В ведерке были кетовые сердца, молоки, печень. Я знал, что это очень вкусно, поблагодарил. Знакомство состоя­лось — просто, без рукопожатий, лишних слов.

На пристани мы пробыли до вечера, смотрели улов, го­ворили с рыбаками.

Утром я уехал.

Ответа на мое последнее письмо не было особенно долго. И когда наконец я раскрыл конверт и прочел Толины обыч­ные слова: «Извините, пожалуйста, уважаемый...», мне стало даже весело. Но дальше шло вот что:

«Сразу вам скажу: я бросил писать стихи. И никогда не буду. Я хорошо подумал. Вы огорчитесь, вам очень хоте­лось сделать меня поэтом. Писатели любят выращивать. Но я знаю, что не вырасту. У меня не хватает уверенности, во мне сидит мужичья душа, она стесняется пера и бумаги, ей подавай настоящее, крепкое дело. Правду говорит мать: «Толя, тебе надо получить специальность, стать на ноги». Она не хочет видеть мои руки белыми, белые руки очень «ненадежная специальность».

Я понимаю мать. Ей все кажется, что я не совсем на­стоящий. Значит, надо мне покрепче других, лучше других быть. А знаете, и во мне что-то такое иногда копошится: я должен им доказать... Кому? Глупости, правда? Это, на­верное, маленькая болезнь. Но, в общем-то, не в этом дело.

Я решил «стать на ноги». Вот уже два месяца плаваю на нашем катере-«жуке» учеником моториста, выполняю команды дяди Ивана и даже бегаю для него за водкой. Это ничего. Он хороший человек, но старый и с пережитками. Дядя Иван, пожалуй, не скоро выпустит меня из своей «школы». Ему нравится жизнь с помощником.

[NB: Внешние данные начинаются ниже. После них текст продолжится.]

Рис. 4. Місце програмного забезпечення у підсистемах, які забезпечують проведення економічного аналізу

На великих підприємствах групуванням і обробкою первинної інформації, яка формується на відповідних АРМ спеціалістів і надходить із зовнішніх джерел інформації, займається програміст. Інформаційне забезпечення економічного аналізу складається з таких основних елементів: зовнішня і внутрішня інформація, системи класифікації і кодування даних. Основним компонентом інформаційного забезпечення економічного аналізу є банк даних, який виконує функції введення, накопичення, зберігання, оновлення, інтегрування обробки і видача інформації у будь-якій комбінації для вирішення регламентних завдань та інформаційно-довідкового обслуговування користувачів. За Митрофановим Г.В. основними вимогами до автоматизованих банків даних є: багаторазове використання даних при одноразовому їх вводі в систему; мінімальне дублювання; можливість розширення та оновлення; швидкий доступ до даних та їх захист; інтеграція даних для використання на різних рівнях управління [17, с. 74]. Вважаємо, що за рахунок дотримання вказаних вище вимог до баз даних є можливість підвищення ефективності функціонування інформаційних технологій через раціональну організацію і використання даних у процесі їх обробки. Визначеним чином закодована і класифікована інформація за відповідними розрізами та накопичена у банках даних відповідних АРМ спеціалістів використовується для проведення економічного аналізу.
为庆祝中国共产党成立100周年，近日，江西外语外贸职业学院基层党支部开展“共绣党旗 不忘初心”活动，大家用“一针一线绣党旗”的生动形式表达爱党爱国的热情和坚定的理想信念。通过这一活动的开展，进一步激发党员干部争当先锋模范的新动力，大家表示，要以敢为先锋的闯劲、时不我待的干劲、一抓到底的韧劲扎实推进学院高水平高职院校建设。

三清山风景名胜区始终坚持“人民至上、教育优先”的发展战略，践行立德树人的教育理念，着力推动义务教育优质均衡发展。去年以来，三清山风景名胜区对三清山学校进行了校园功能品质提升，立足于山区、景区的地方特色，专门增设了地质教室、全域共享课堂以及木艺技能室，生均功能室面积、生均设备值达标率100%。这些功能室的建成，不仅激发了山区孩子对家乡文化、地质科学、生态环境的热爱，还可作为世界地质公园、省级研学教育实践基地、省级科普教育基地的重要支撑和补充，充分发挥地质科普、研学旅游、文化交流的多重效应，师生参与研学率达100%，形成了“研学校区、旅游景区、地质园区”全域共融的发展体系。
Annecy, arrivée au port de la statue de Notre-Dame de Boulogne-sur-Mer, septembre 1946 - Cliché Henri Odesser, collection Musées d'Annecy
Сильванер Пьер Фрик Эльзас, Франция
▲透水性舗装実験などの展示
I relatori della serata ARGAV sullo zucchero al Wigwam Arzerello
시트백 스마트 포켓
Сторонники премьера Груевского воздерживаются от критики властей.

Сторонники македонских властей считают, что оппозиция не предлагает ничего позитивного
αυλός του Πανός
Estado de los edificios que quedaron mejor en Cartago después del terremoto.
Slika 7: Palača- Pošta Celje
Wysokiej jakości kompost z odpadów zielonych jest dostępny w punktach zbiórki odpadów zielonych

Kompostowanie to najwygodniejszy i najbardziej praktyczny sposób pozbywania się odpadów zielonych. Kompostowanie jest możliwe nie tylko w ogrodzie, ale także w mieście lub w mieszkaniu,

Мы таскаем на «жуке» плашкоуты с рыбой, грузовые баржи. Уходим из поселка на несколько дней, ночуем в чу­жих причалах, знакомимся с катеристами, смотрим кино. Раз попали в такую штормягу, что стекла в рубке повыбивало. Страшно было. И я почему-то вспомнил тот тихий день, когда мы сидели под магнолией. Мотор раскалился, громыхал вразнос, когда оголялся винт, душно пахло горя­чим маслом. Матерился дядя Иван. А я о магнолии... По­том стыдно стало. Словом, струсил. За это наказал себя: подряд две вахты отстоял.

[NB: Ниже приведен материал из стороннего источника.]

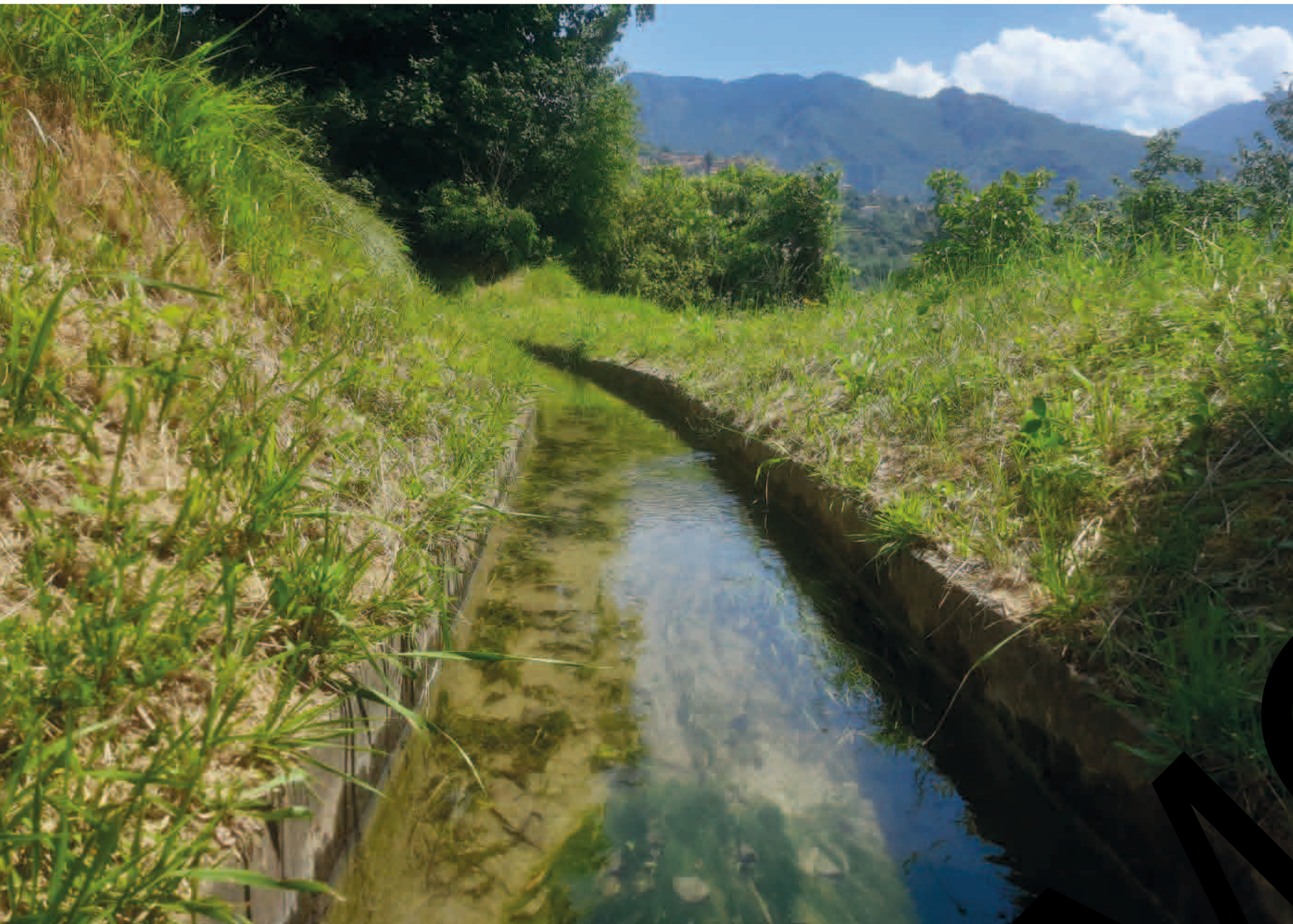
Canal du Mounart - Vue sur Belvédère

Cependant, l'infrastructure actuelle de canaux en activité et ceux abandonnés pourrait être très incomplète car elle semble avoir été beaucoup plus transformée que dans les autres communes des vallées de la Vésubie et du Valdeblore. Selon la tradition, Roquebillière ou Rocabière « le Rocher aux abeilles », a été reconstruit à plusieurs reprises à des endroits différents ce qui nous laisse supposer que d'autres canaux construits en des temps plus reculés ont existé ailleurs. Ils ont également pu servir de bases pour des canaux plus récents.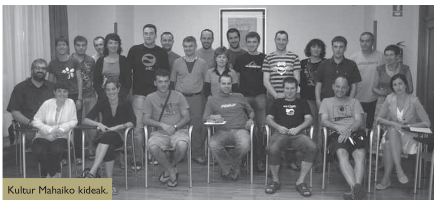
Kultur Mahaiko kideak.

a zpeitiko Udala ahaleginetan ari da San Agustín kulturgunea San Inazio festetako inauguratzeko. Eraikinaren eraberritze lan guztiak amaituta daude dagoeneko baina barrua ekipatzeko beharrezkoa den proiektua (sonorizazioa, argiztapena eta multimedia materiala) onartzea falta zen eta azken egunotan Espainiako Etxebizitza Ministerioak dirua libratzeko azken dokumentua berehala sinatuko duela jakinarazi du. Honela, 300.000 euroak kulturgunea amaitzeko bideratuko dira eta lan hauek bi hilabeteko iraupena izango dute.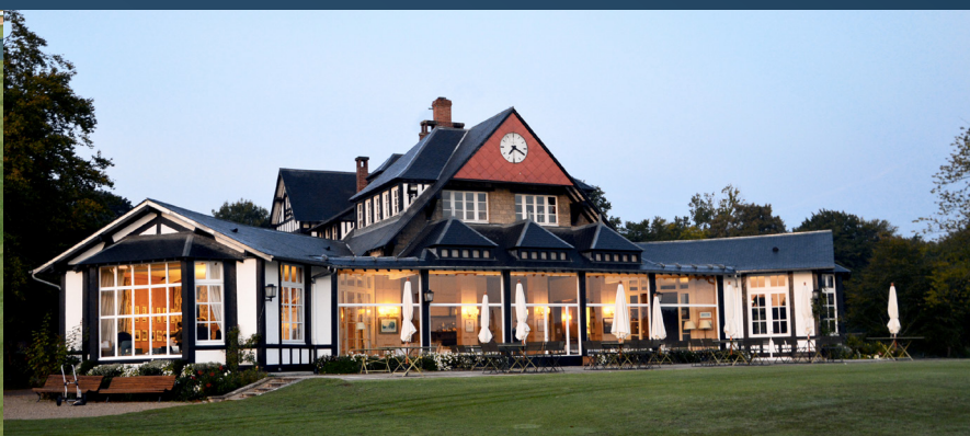
GOLF DE CHANTILLY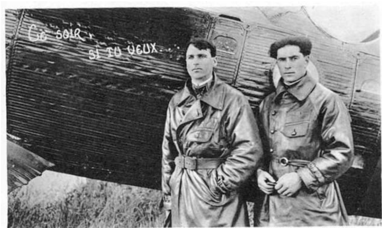
10. - Circuit des Capitales du Nord de l'Europe, par WEISS et LATAPIE.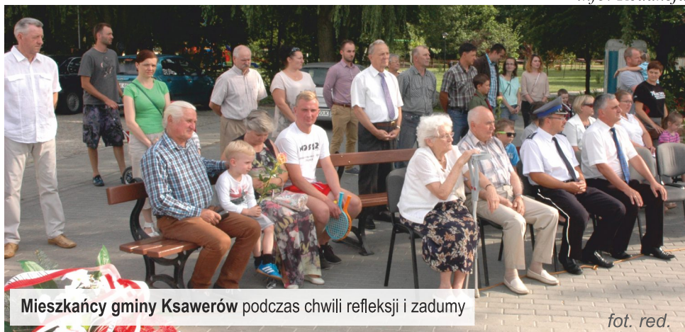
Mieszkańcy gminy Ksawerów podczas chwili refleksji i zadumy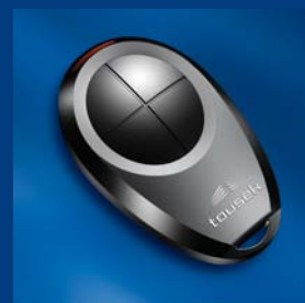
tousek program nadajników impulsów kompatybilne i niezawodne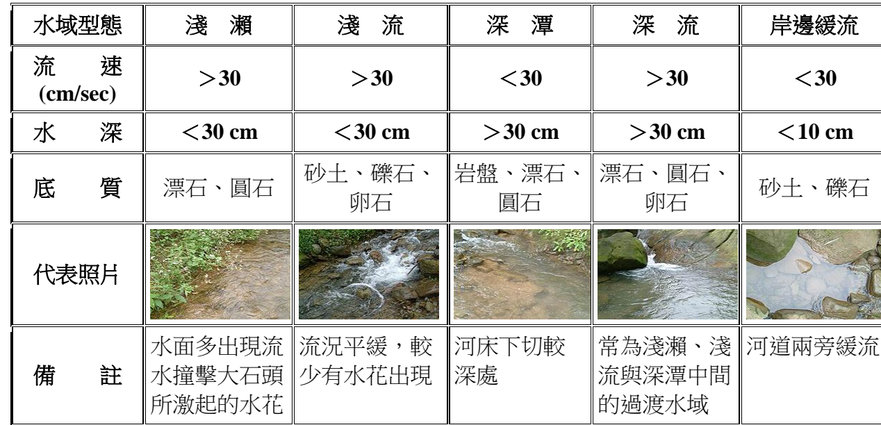
表 A-1 水域型態分類標準表

Мать очень довольна моей работой. Она встречает меня на берегу, готовит «рабочий» обед, покупает пол-литровку. Я не пью, но она все равно покупает — так делают другие бабы. В доме у нас пахнет бензином и железом, мы обсуж­даем рыбацкие дела. А руки мои добела никогда не отмы­ваются.

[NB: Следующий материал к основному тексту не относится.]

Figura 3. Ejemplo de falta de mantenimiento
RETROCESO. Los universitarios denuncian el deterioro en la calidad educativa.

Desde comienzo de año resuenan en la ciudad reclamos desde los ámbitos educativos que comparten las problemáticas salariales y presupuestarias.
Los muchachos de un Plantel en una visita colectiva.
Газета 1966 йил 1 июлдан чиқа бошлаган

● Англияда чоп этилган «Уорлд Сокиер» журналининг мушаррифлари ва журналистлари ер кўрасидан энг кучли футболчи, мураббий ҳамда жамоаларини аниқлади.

Меня уже не зовут поэтом, и корреспондентов встречает теперь библиотекарь дед Игнатьев. Он когда-то писал сти­хи, пробует опять ямбы и хореи и старается «пропечатать­ся» в какой-нибудь газете. Просил дать ваш адрес, я сказал, что потерял. Пожалел вас.

К нам приехали сезонники. Они поломали «вековые» устои поселка Алехино. Старухи охают и вздыхают: «От­куда их черт принес?» За полночь рыдает гармонь, от песен дребезжат стекла в окнах, лают собаки. Сыграли две свадь­бы, учинили несколько драк. Поселяне притихли, даже самые «принципиальные» соседки, повариха и пекариха, перестали переругиваться через забор. Вспомните кунаширскую шутку «Нет мира под магнолиями».

Не жалейте меня как поэта. Стихов много, так много, что самые хорошие и не перечитать. Стихов будет еще боль­ше. Потом все будут писать стихи, как у Маяковского: «Землю попашут, попишут стихи».

Вот и все.

Я скоро буду мотористам. Поздравьте меня.

А. Верников».

Прошло два года. От Толи не было ни одного письма. Недавно я написал библиотекарю Игнатьеву и попросил сообщить, живет ли в Алехине Толя Верников. Старик от­ветил телеграммой, кратко: «Адресат выбыл острова»

СКАЗКА ПРО ВЕЛИКОГО ФИФЛИ

В глухом лесу под кучей сухого валежника в заячьей семье народились зайчата. Поначалу зайчиха не различала их — куцые, пухлые; но по­том заметила, что один зайчонок не похож на своих братцев и сестричек, будто бы и не родной им вовсе. Был он лохма­тый, с укороченными ушами, прихрамывал и, что самое ужасное, почти черного цвета. «Фифли, — сказала зайчи­ха, — уродец. Лиса его искалечила, когда я в лапах у нее по­бывала...» — «Ффифли», — согласился заяц-отец горюя.

Вскоре родители увидели, что Фифли совсем не растет и не по-заячьи злой. Его нельзя оставить в логове — кусал и царапал других зайчат, опасно вывести на поляну — чер­ная шерстка Фифли четко выделялась на нежной весенней зелени. Стыдно было перед соседями-зайцами за такого детеныша, и решили бедные родители избавиться от урод­ца. Отвели его в дальний скудный лесок, за три болота, и там бросили, легко убежав, потому что Фифли был хро­мой, плохо видел.